Imagination is required to explore the land of the future, but nothing is necessary to predict decline. It comes easily and one finds new things to denounce the more he denounces. I know many men who proclaim the impending moral and political downfall of America--very few of them reinforce their jeremiads with anything more than spit and fire. Why is tomorrow the day we must fall? Why did we not fall during the 1960's, with the Sexual Revolution within and the Soviet Union--a mightier challenger than any today--without? Is our day the worst that has ever dawned? Think of the 1950's, revered as a golden age. Did anyone then predict--could anyone then have forecast, much less clearly explained the minutiae of life in the 21st century?


I doubt it.


The difficulty lies in imagining what shape new mores and new community might take. The Internet is not community, and yet because of it I can (and regularly do) speak face-to-face with my father on the far side of the world. Some imagination is required to glimpse the world in which our children may live, and imagination is in short supply among the scoffers.

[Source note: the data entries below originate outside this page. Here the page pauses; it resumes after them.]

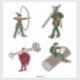 Diese Robin Hood-Aufkleberkollektion beinhaltet Robin Hood, der einen Pfeil schießt, und drei seiner fröhlichen Männer: Little John, Will Scarlet und Will Stally.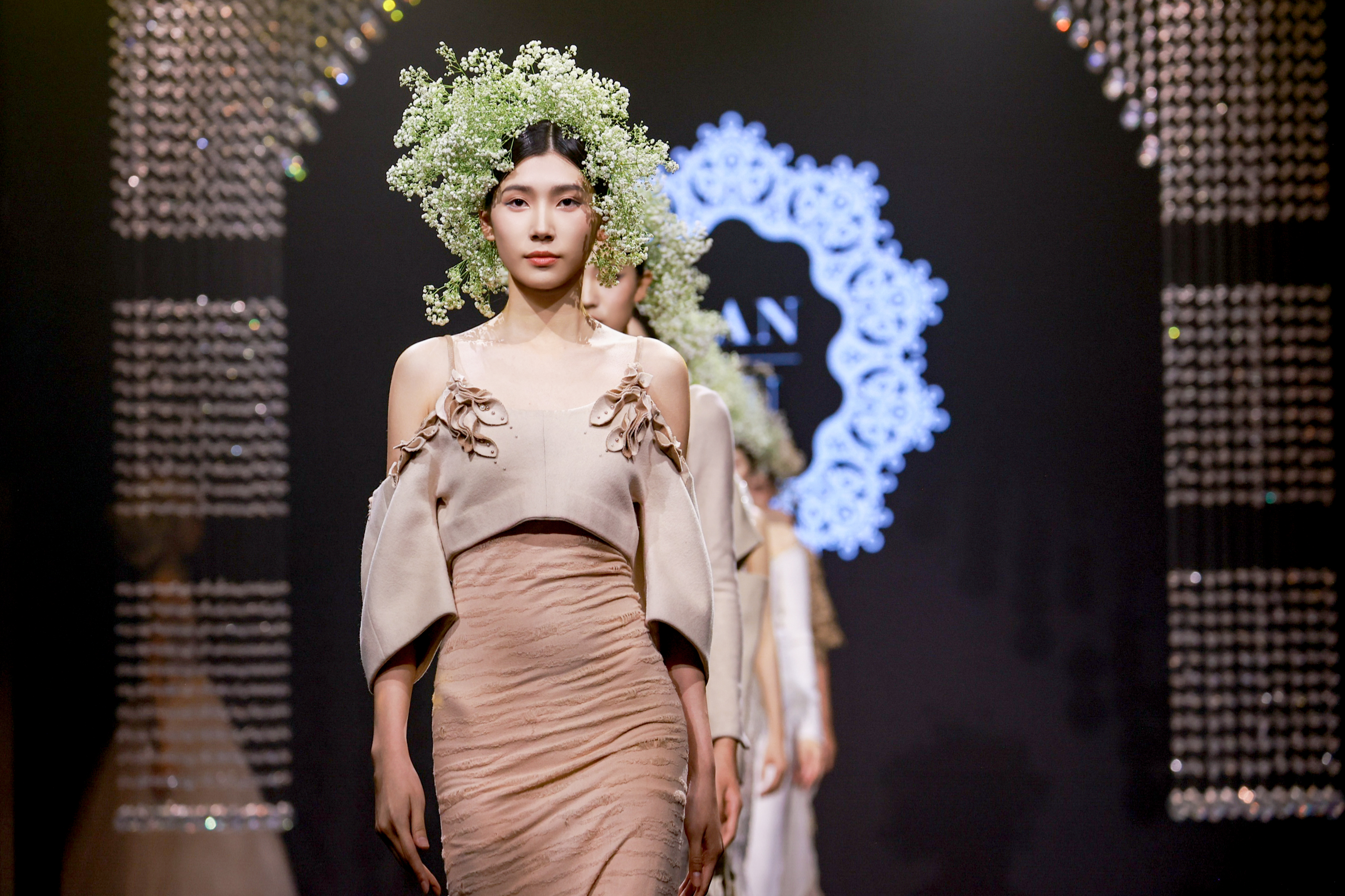 現場更有LANYU高定禮服展示,將中式美學意境與西式時尚剪裁完美融合,同時加重了蘇繡非遺元素的應用比例,將更多的非遺技藝融入服飾創(chuàng)作中,呈現出超高藝術水準。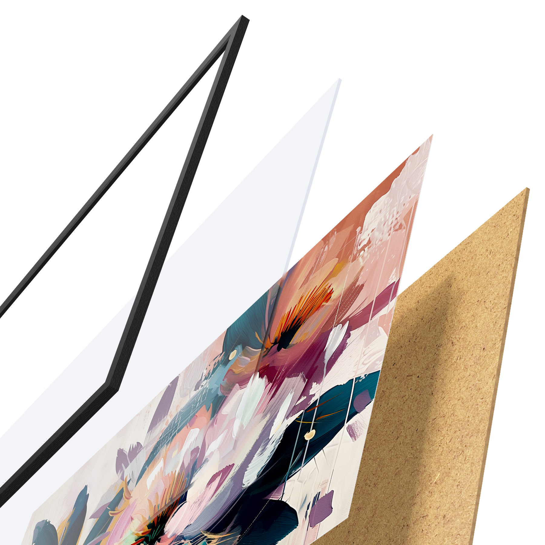 Das Poster besteht aus einem Rahmen, Plexiglas, einem gedruckten Bild und einer Rückwand aus Spanplatten. Dank der Halterungen auf der Rückseite kann das Poster sofort an die Wand gehängt werden.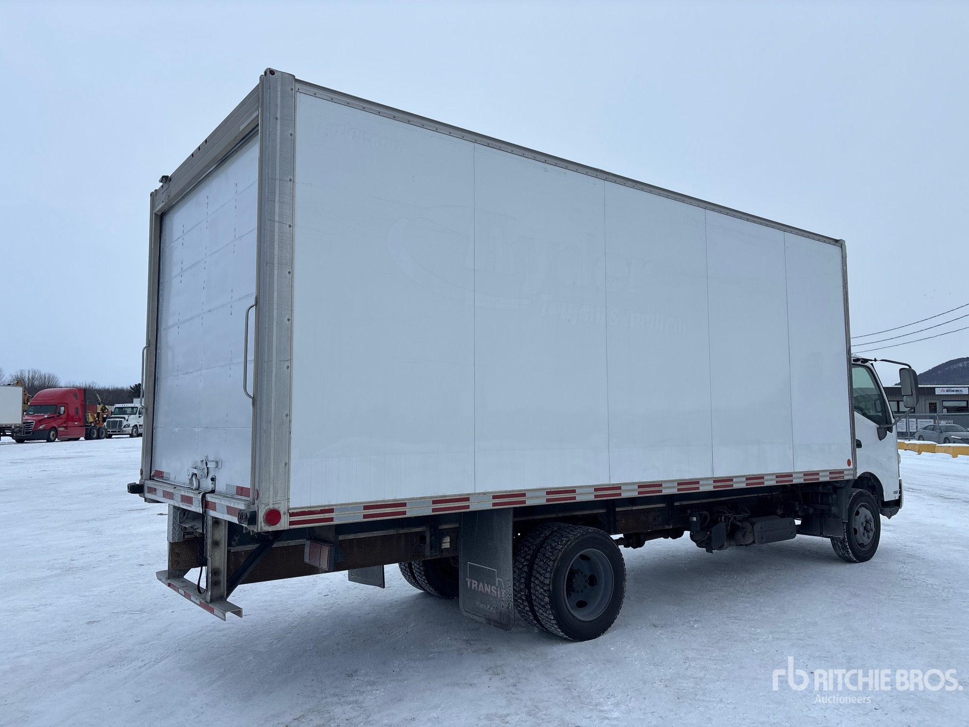 Hino J05E-TP 4 Cylinder Diesel 210 hp Engine, 2017 US EPA Label, Automatic Transmission, 7270 lb Front Axle, 13660 lb Rears, 8850 kg GVWR, 225/70R19.5, Spring Suspension, 173 in Wheelbase, Transit 20 ft x 102 in Wide x 90 in High Body, Walk-Up Ramp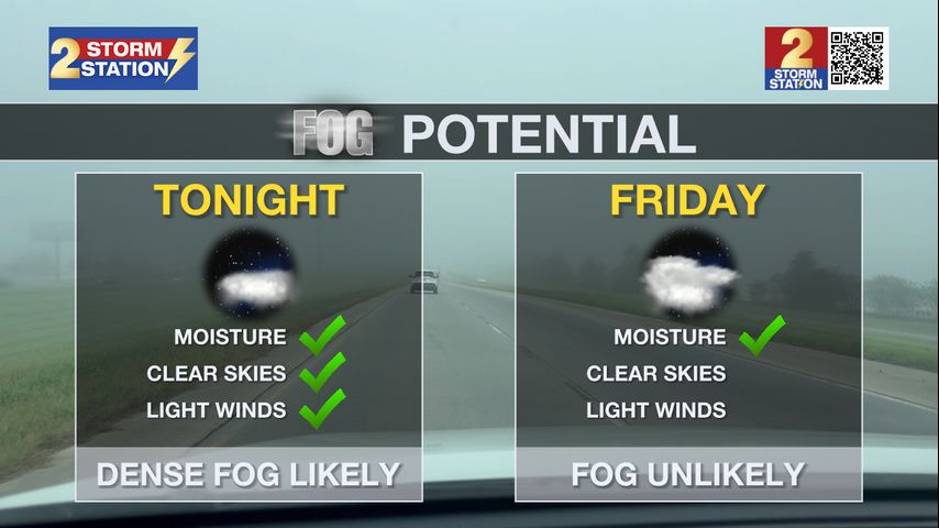 Tonight & Tomorrow: Expect fog to thicken overnight and early Thursday, thanks to mostly clear skies and calm winds. Poor visibility will be an issue for yet another morning commute, so be prepared for possible delays on the way to work or school. Wake-up temperatures will be in the low 60s. Fog will lift by mid-to-late morning, leaving a partly to mostly cloudy sky for the afternoon. Look for a high in the low 80s.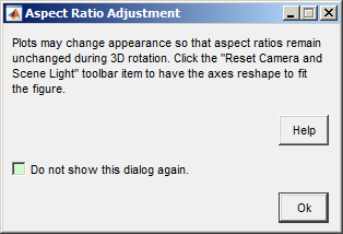 ). Al utilizar la barra de herramientas de la cámara, MATLAB cambia de manera automática al modo de visualización 3D pero primero se lo notifica mediante el siguiente cuadro de diálogo.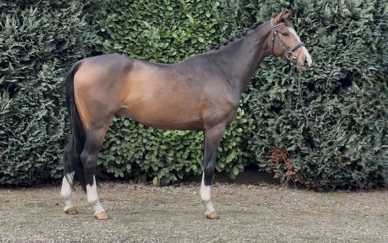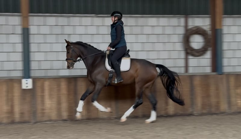 Fantastic 4-year-old gelding. Straightforward, easy to ride, and super well-behaved! 16.1 hh. He is KWPN (Kilian x Krack C) dressage-bred, from a dam line rich in performance horses with many sport horses! This top horse certainly inherited his talent! He shows great potential, moves well, and is already a pleasure to ride! Thanks to his gentle and calm temperament, he is suitable for many riders/amateurs. He is also well-behaved on unfamiliar terrain and easy to load. He is free of stable vices! Oud Gastel, NL 📞 0031-610197456

It is not that forecasting the future is impossible, nor that the old improperly perceive the faults of the young, but it is interesting to note the reasons why men tend to gloom--for us to take a man seriously when predicting good things, we would require rising stocks or a crystal ball.

3 comments:

  1. Jody,
    I agree with most of your propositions and am in entire agreement with your consideration of this. I did want to post several things for you to consider.
    The first regards your examples. (I know examples are limited and you may have counter-examples to my counter-examples, but perhaps they will help along some more actual thoughts). You ask if today is worse than the sexual revolution within and the Soviets without. Well, I admit that we have no enemy without that even aspires to be the Soviet Union. My counter to your example is that the sexual revolution never dreamed that things would be as revolutionized as they are today. The sexual revolution proclaimed free love and wanted everyone to have sex, but they really wanted all consenting adults to have free sex with people that they could agree to have sex with. Today you pay the government to hand out free condoms to twelve year olds and the Congress of the United States of America must listen to a graduate student whine about how her contraceptives are expensive and how you should pay for her to have as much sex as she wants. Our problems within are much worse (at least as far as I understand them) than they were fifty years ago.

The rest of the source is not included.